- What is needed -
Return the lines of the data below, from the one containing "Forest Green Velvet" through the very last, exactly and with both ends included; no pictures.

[Dataset entries]
....

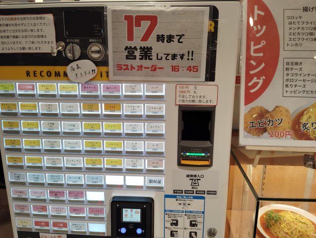 エビと野菜のあんかけスパ「コモ」を注文した。(券売機で券を購入)
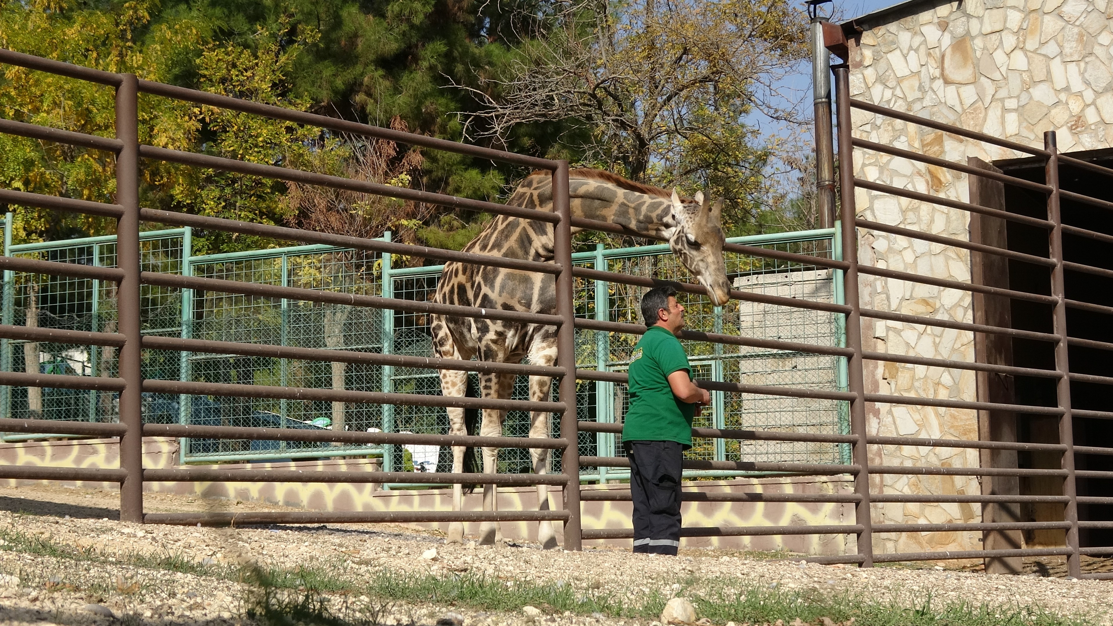 Dünya sıralamasında dördüncü, Türkiye'nin ise en büyük hayvanat bahçesi olan Gaziantep Doğal Yaşam Parkı'nın maskotları olan zürafalar ile bakıcıları Ali Görgel arasında oluşan bağ, görenlerin ilgisini çekiyor.
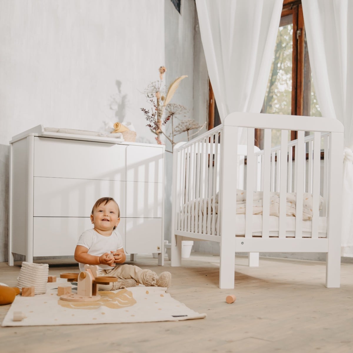 (Google review translated) Wir sind sehr zufrieden mit unserem Kauf von Yappy.lv Baby ist bereits 6 Monate alt und schläft vom ersten Tag an in seinem YappyÉtude-Bettchen. Ich empfehle auf jeden Fall den Kauf des Wiegenmechanismus, der der Schlüssel zum Erfolg ist, wenn Sie Ihr Kleines nachts in den Schlaf bringen. Das Bett ist in der Höhe verstellbar, so dass es lange Zeit nützlich sein wird. Wir haben auch eine passende Kommode mit Wickelfläche gekauft - eine große Hilfe sowohl beim Windelwechseln als auch bei den Übungen in den ersten Monaten. Jetzt, wo der Kleine groß ist, planen wir, die Wickelfläche zu entfernen und die Kommode als hübsche Kommode für Babykleidung zu verwenden.
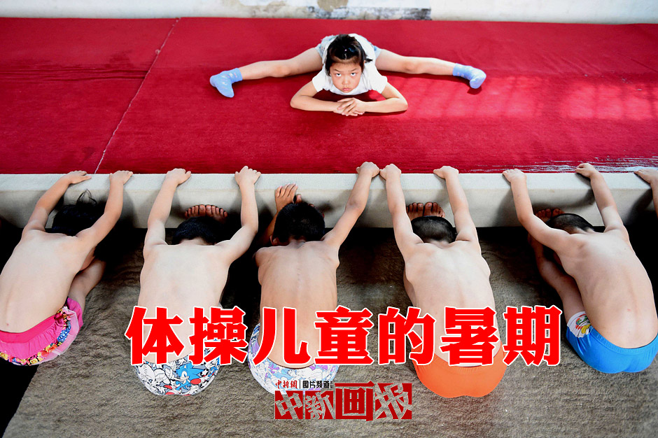 Children receive training under the guidance of the coach during the summer vacation in Bozhou City, east China's Anhui Province, July 9, 2013. Some parents sent their children to receive gymnastics training in summer, hoping that the children will have a better physical condition and a rich vacation life. (Photo/CNS)
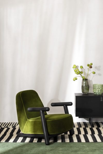 Forest Green Velvet fabric upholstered seat and back on rounded, solid timber frame
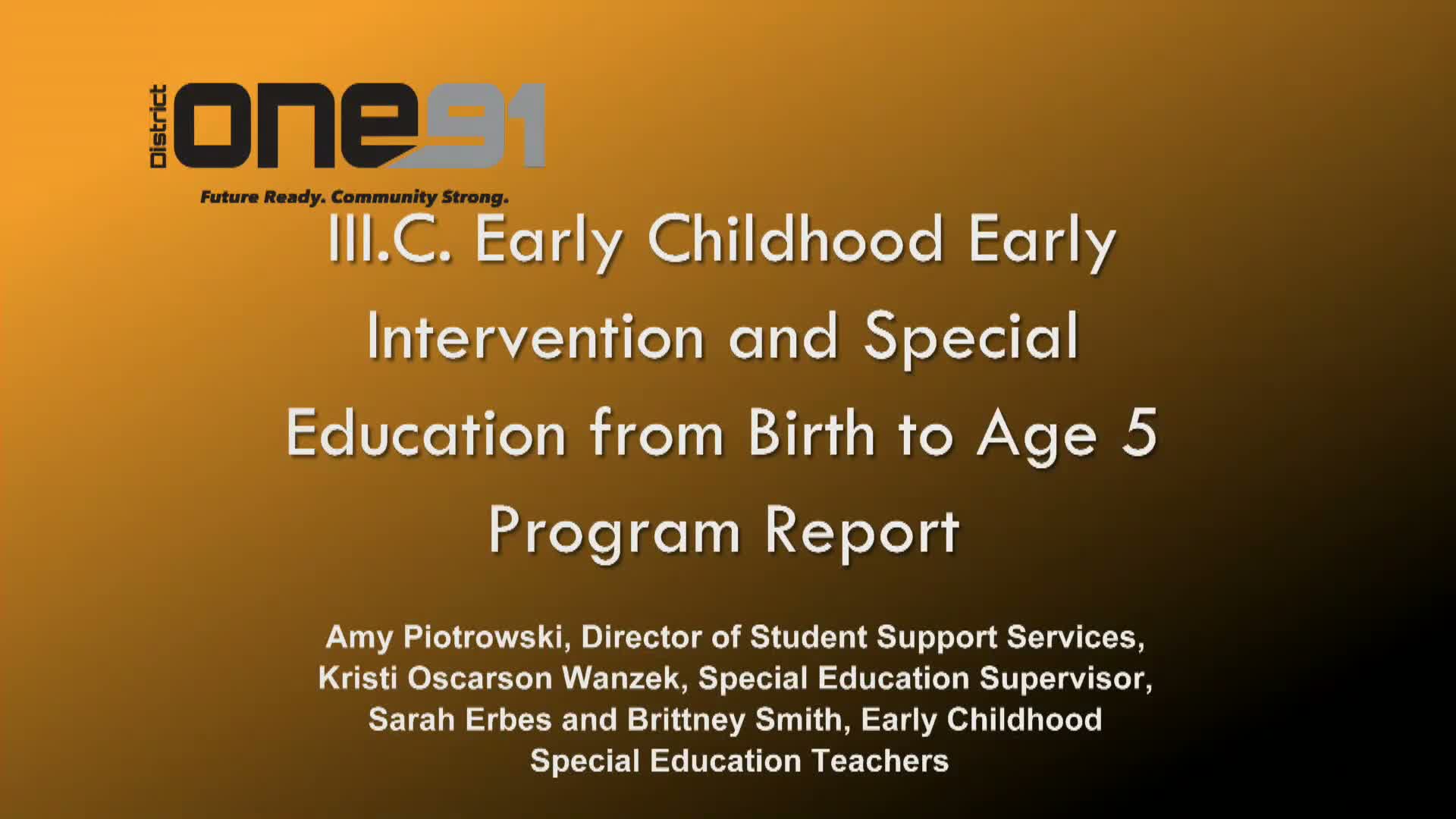 The district's ECSE team told the ISD 191 board that early intervention is legally mandated under IDEA; presenters reported about 303 active early-intervention identifications, 65 students in VPK, growth in referrals, staff composition, and described the 45-calendar-day evaluation timeline and family-centered coaching model.
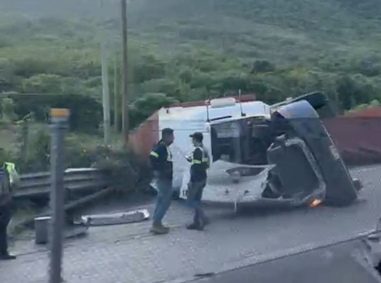 De acuerdo con el parte oficial, un tráiler de doble contenedor sufrió un percance sobre la vía, quedando atravesado en el carril de baja velocidad, mientras parte de su carga se dispersó a un costado de la carretera, lo que ha afectado la circulación vehicular en ese tramo de la autopista Manzanillo-Colima.
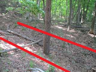 | 北側の尾根を進んで行くと、三峰(さみね)城との間に横堀状の地形が見えてくる。 | 横堀は尾根に平行に3本掘られている。 |
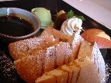 ホットケーキフェア中だったので、ランチ代わりに食べた和風のホットケーキ。黒蜜&抹茶のアイスクリーム、あずきが添えられていました。
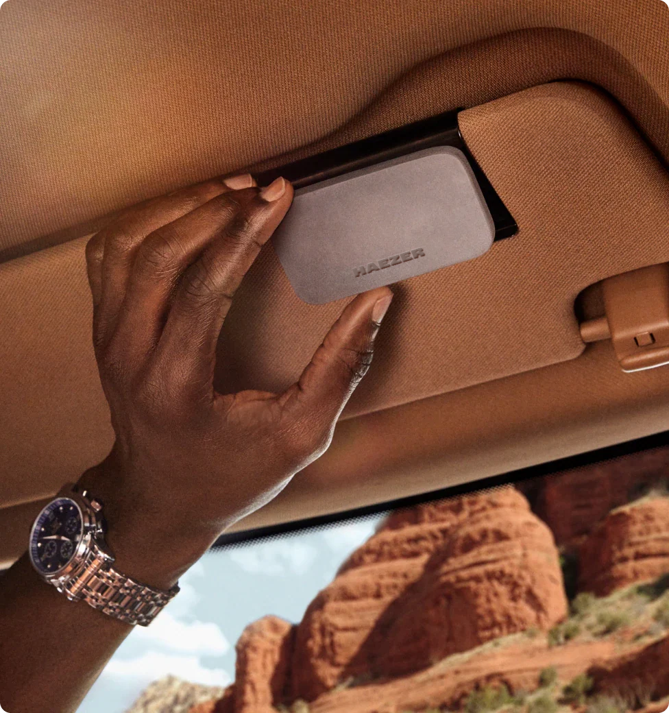 Nossas fragrâncias Haezer® são banhadas em óleos essenciais e magnetizadas para se fixarem perfeitamente no seu para-sol com nosso clipe de metal.
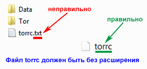 Файл torrc должен быть без расширения (на скрине он ошибочно назван torrc.txt)
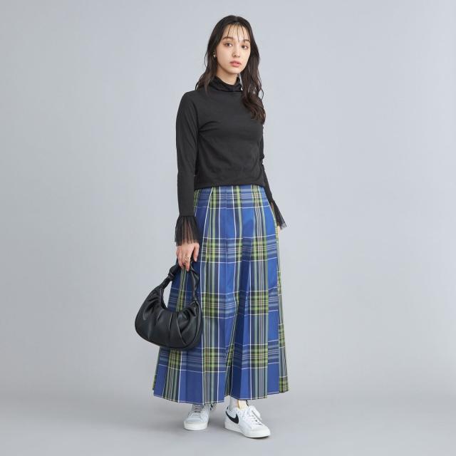 端正なプリーツと広がり過ぎないシルエットが、より上品な印象を強めています。
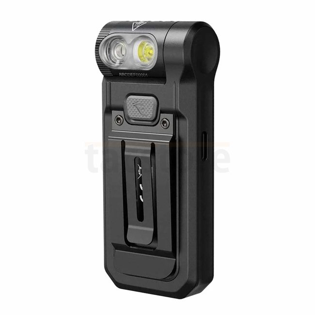 La Fenix SW05R‑UV associe une LED blanche à une LED UV (365 nm). Elle est équipée d’un clip pour fixation sur vêtement ou bordure, et d’une tête inclinable à ~200° pour orienter le faisceau. La batterie est intégrée et rechargeable via USB‑C.
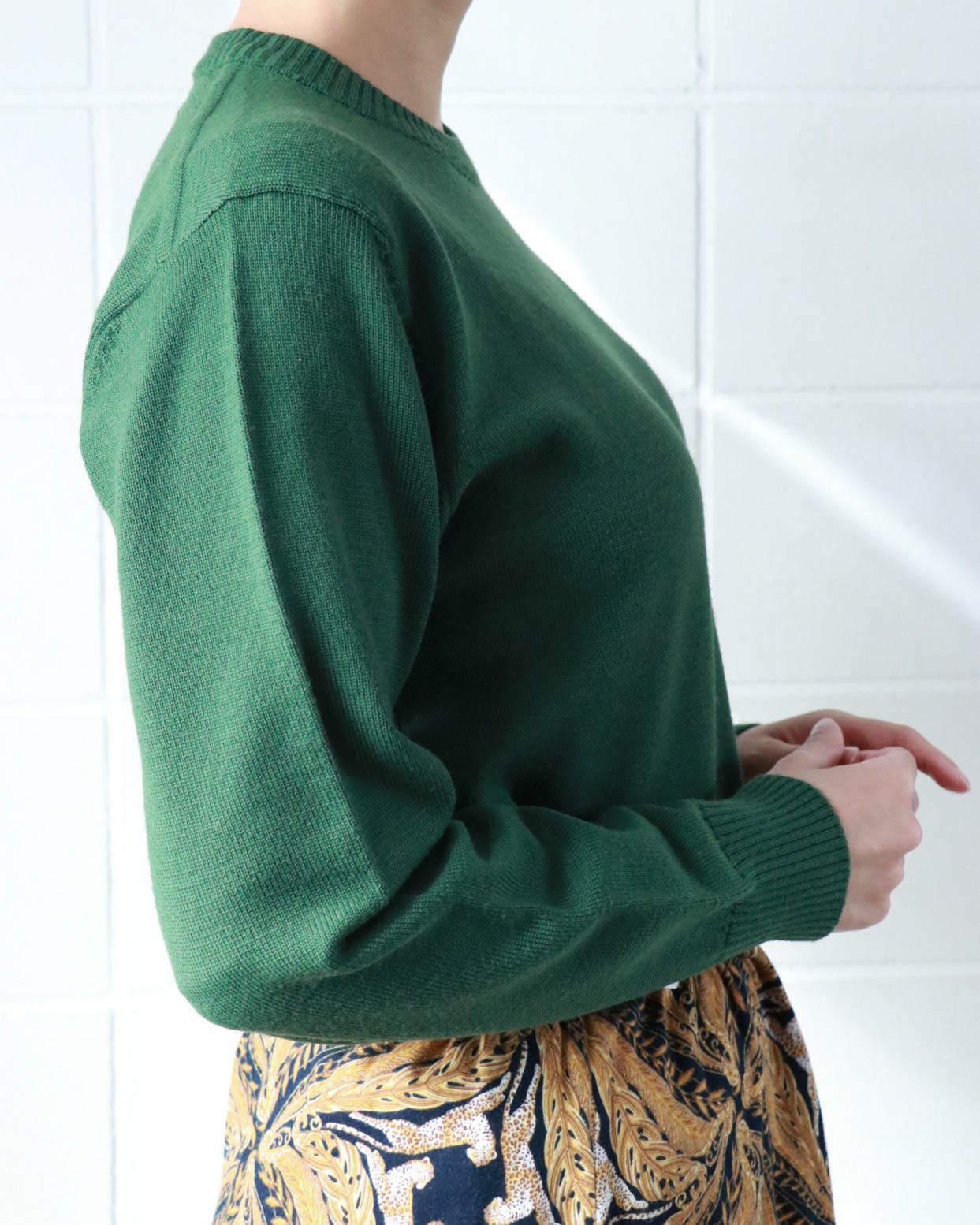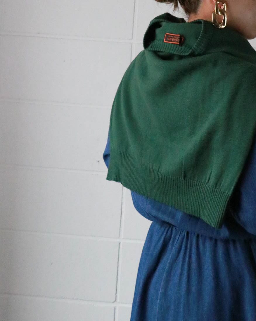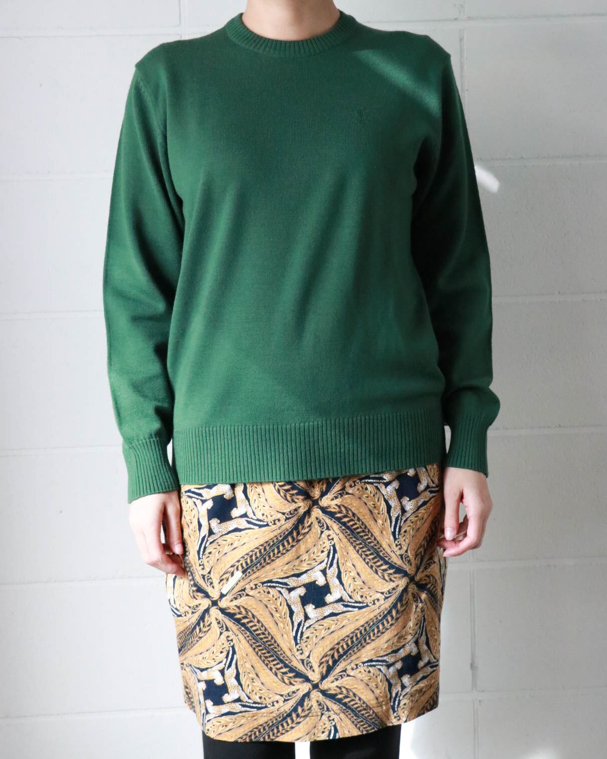 肌寒い季節に欲しいのはラフに着られるニット。こちらはグリーンベースにYSLロゴ刺繍がポイントのヴィンテージアイテム。ゆったりとしたサイズ感にモックネックが全体をスッキリとまとめ大人の色香が漂います。シンプルなボトムスに合わせるのがおすすめです。

....

- Solution for this problem -
 Forest Green Velvet fabric upholstered seat and back on rounded, solid timber frame
 The district's ECSE team told the ISD 191 board that early intervention is legally mandated under IDEA; presenters reported about 303 active early-intervention identifications, 65 students in VPK, growth in referrals, staff composition, and described the 45-calendar-day evaluation timeline and family-centered coaching model.
 De acuerdo con el parte oficial, un tráiler de doble contenedor sufrió un percance sobre la vía, quedando atravesado en el carril de baja velocidad, mientras parte de su carga se dispersó a un costado de la carretera, lo que ha afectado la circulación vehicular en ese tramo de la autopista Manzanillo-Colima.
 | 北側の尾根を進んで行くと、三峰(さみね)城との間に横堀状の地形が見えてくる。 | 横堀は尾根に平行に3本掘られている。 |
 ホットケーキフェア中だったので、ランチ代わりに食べた和風のホットケーキ。黒蜜&抹茶のアイスクリーム、あずきが添えられていました。
 Nossas fragrâncias Haezer® são banhadas em óleos essenciais e magnetizadas para se fixarem perfeitamente no seu para-sol com nosso clipe de metal.
 Файл torrc должен быть без расширения (на скрине он ошибочно назван torrc.txt)
 端正なプリーツと広がり過ぎないシルエットが、より上品な印象を強めています。
 La Fenix SW05R‑UV associe une LED blanche à une LED UV (365 nm). Elle est équipée d’un clip pour fixation sur vêtement ou bordure, et d’une tête inclinable à ~200° pour orienter le faisceau. La batterie est intégrée et rechargeable via USB‑C.
 肌寒い季節に欲しいのはラフに着られるニット。こちらはグリーンベースにYSLロゴ刺繍がポイントのヴィンテージアイテム。ゆったりとしたサイズ感にモックネックが全体をスッキリとまとめ大人の色香が漂います。シンプルなボトムスに合わせるのがおすすめです。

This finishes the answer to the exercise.